At the University of Sydney, vice-chancellor Mark Scott told The Daily Telegraph he did not think the intifada chant met the threshold of hate speech. “I can understand that it is uncomfortable for some of our Jewish staff and students to have the encampment there,” he said. “I’m very sympathetic to that view. That is, though, how our university and (other) places committed to free speech will operate. People will be upset from time to time by things that they hear, by things that they see, by the presence of people who hold strongly divergent views from them, but as a university we need to be able to manage that diversity of views.”

It is ironic that this elite university also has a hit list of banned words – such as mankind and man-made – and has decreed that “when someone is referred to by the wrong pronoun, it is disrespectful and harmful”.

At Monash University, police and security guards stood in silence as Jewish students, trying to walk through the pro-Palestinian encampment on Wednesday, were sworn at repeatedly by hardline activists from outside the university.
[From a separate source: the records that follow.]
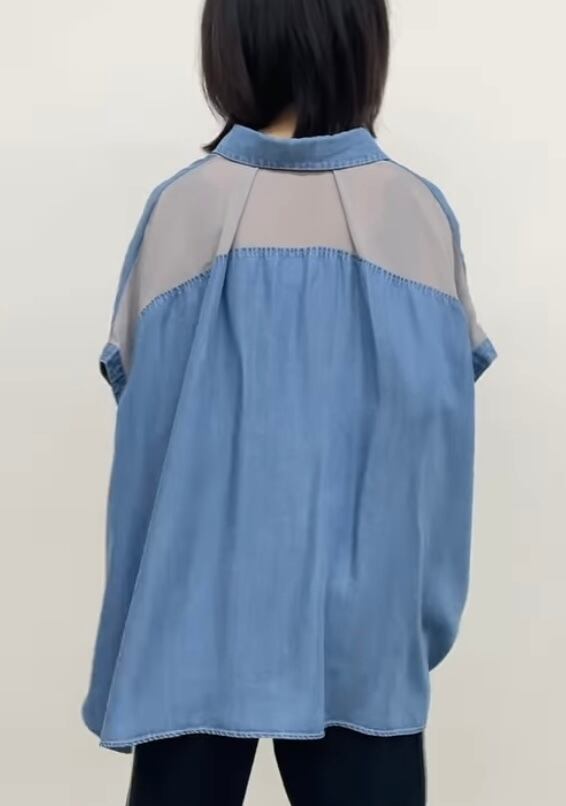 テンセルデニム×シフォンドッキングブラウス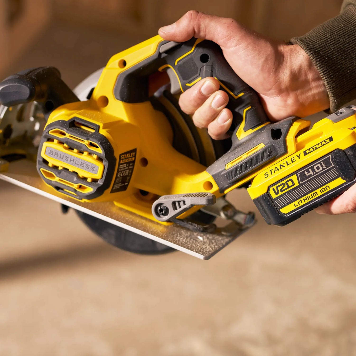 Tam Piła tarczowa Stanley SFMCS550M2K-QW Posiada silnik bezszczotkowy zapewniający lepszą wydajność i większą efektywność.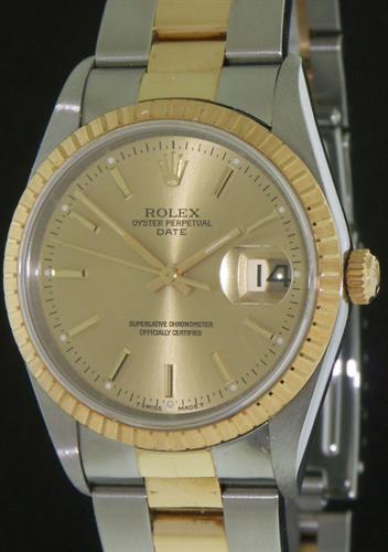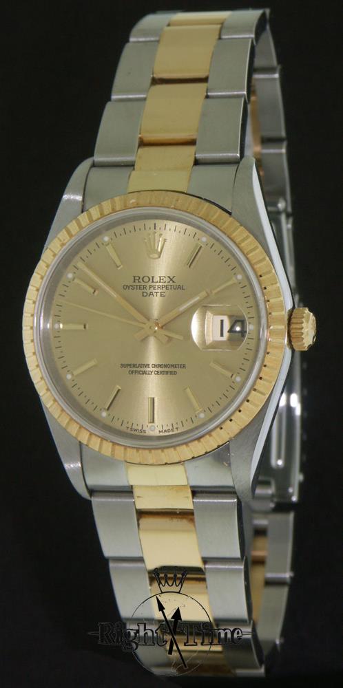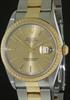 Swiss made Rolex Model 15223 Oyster Perpetual Date model 18KT yellow gold and stainless steel combination with champagne color dial and gold markers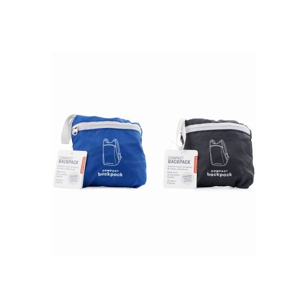 Lightweight compact ripstop backpack. Comes in a compact bag which folds up easy for storage. Great for traveling and back to school. Assorted colors include black or blue. Measures 4.25 in. W x 4.5 in. H x 1.75 in. L.

Most pubs would evict patrons for such boorish behaviour.

La Trobe University condones protesters disrupting lectures and classes. “If protesters enter our classes, we would ask that you refrain from intervening and allow them to share the information they wish to,” provost Rob Pike wrote to staff. “If they stay for longer than five minutes, we request that you notify security. If your class is significantly disrupted, or you and your students do not feel comfortable continuing the session, you have the option to cancel the class and reschedule. Please also remind your students that they can access wellbeing support.”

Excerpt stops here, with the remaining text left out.